Desembarcados os generais do Alto-Comando
(ainda que uma parte das Forças Armadas esteja perigosa e irremediavelmente
disposta a caminhar com Bolsonaro), afastada a hipótese de amparo político do
Centrão, resta a incógnita de como reagiriam o mundo e o dinheiro caso o
presidente estique a corda.
Esses senadores e ministros do STF têm
sondado os humores de embaixadas, empresas e bancos em busca da resposta. Têm
ouvido que, diferentemente de 1964, não há clima possível para que qualquer
país democrático aceite uma tentativa de ruptura num país do tamanho do Brasil.
Da mesma forma, bancos, investidores,
empresas, mesmo parte da imprensa, que de alguma forma assistiram à tomada de
poder pelos militares em 64 e aceitaram algumas das premissas, por mais falsas
que fossem, não se coadunarão com a balela de que urnas que vêm elegendo
presidentes, governadores, senadores, deputados e vereadores desde 1996,
inclusive toda a família Bolsonaro, seriam suscetíveis a fraudes só porque ele
teme perder a eleição ou ver a si e/ou aos filhos julgados e presos.
A contenção, portanto, está em curso. Nas
necessárias falas de repúdio, mas também nas mais estratégicas conversas em que
cenários são traçados e limites pactuados.

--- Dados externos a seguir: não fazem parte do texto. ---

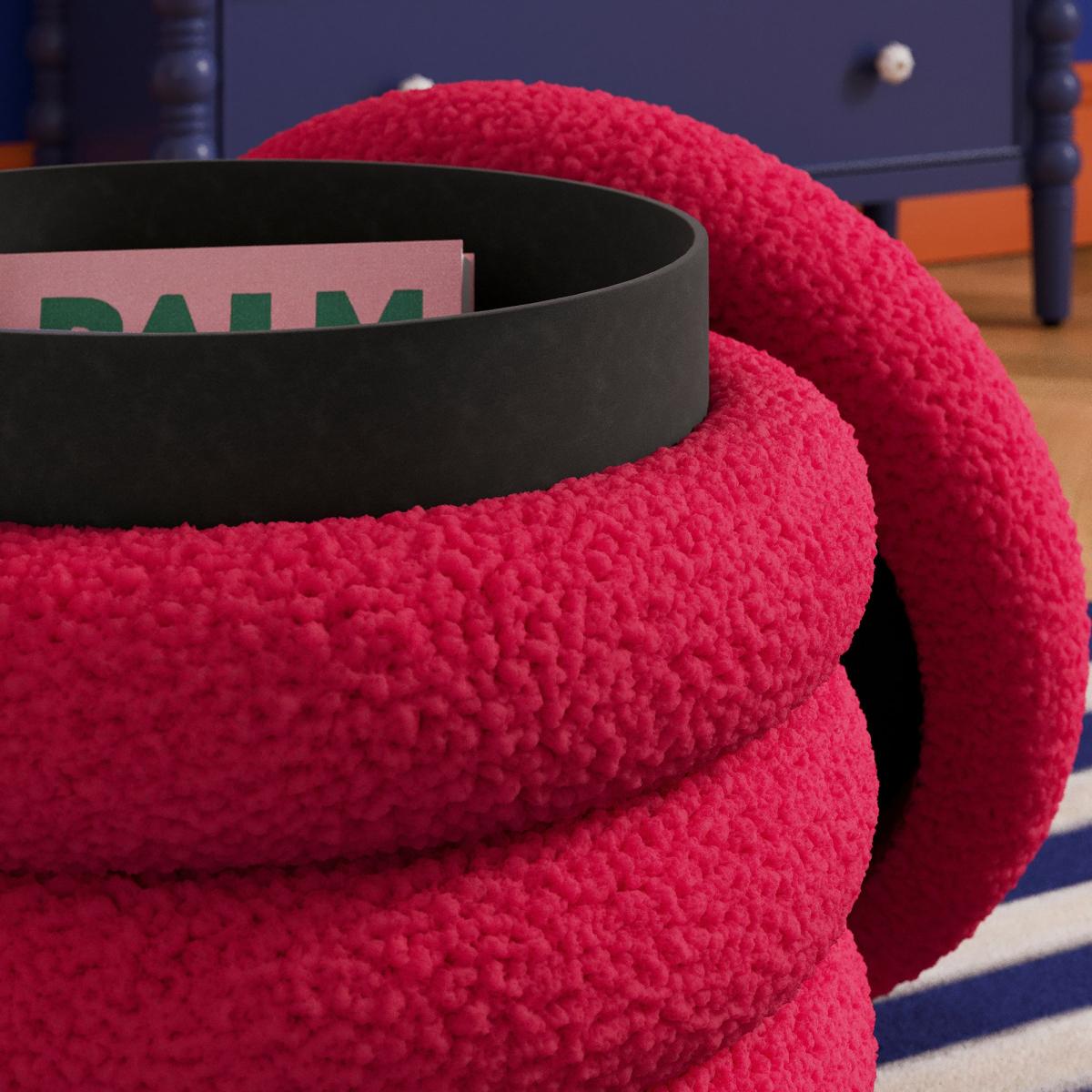 I love this footstool for its playful yet plush design, making it a real statement piece in both contemporary and eclectic interiors. Its sherpa fabric brings a cosy, tactile element that works well in lived-in family spaces or relaxed lounges, offering both style and practicality. It’s versatile enough to double as extra seating or a footrest, and its bold colour can be a focal point or a complement to more neutral palettes. For styling tips, try grouping it with layered textiles like textured rugs or velvet cushions to emphasise its softness, or position it near a statement armchair to create a cosy corner. It’s perfect for injecting a pop of colour and personality into your scheme.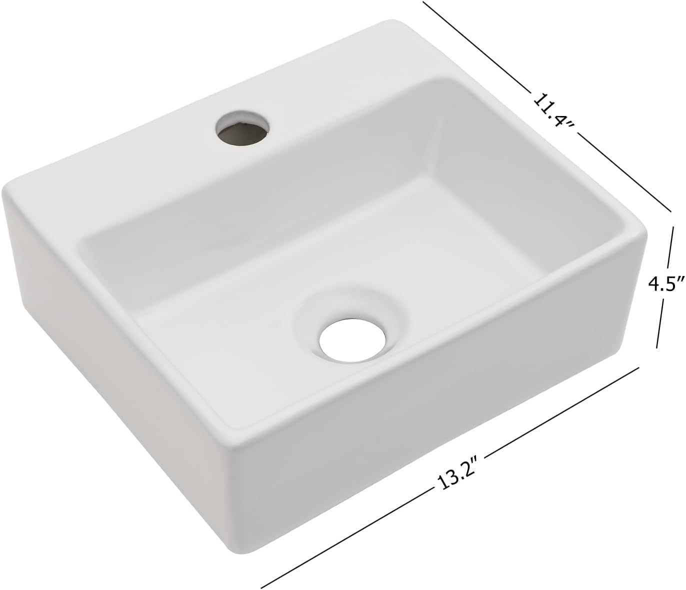 - Exterior dimensions : 13.2"x11.4"x4.5", our rectangle white bathroom sink has US standard 1.75”drain opening, please notice that: faucet and sink drains are not included in the package.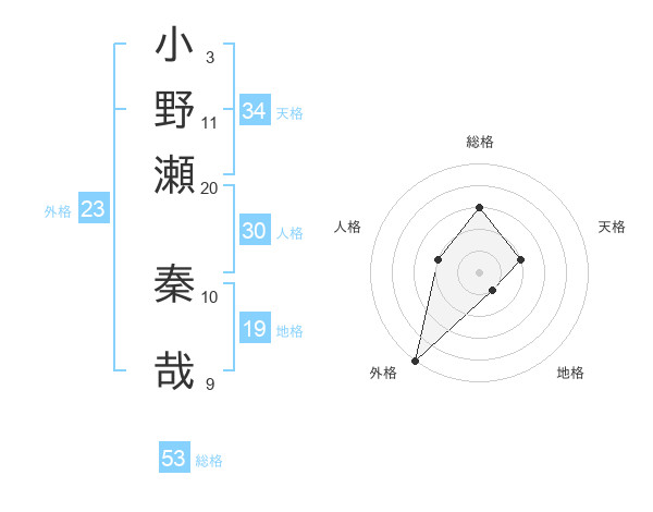 小野瀬 秦哉さんを姓名の画数から五運を鑑定

Nada disso nos livrará do calvário de aguentar por mais de quatro longos meses que nos separam do dia da eleição os ataques de Bolsonaro ao direito supremo do povo de escolher quem vai governá-lo. Mas significa que parecem estar chegando ao fim os dias em que ministros, empresários e generais seriam plateia silente desse golpismo que a cada dia tentava ganhar uma casa no tabuleiro. Parece haver democratas em Brasília.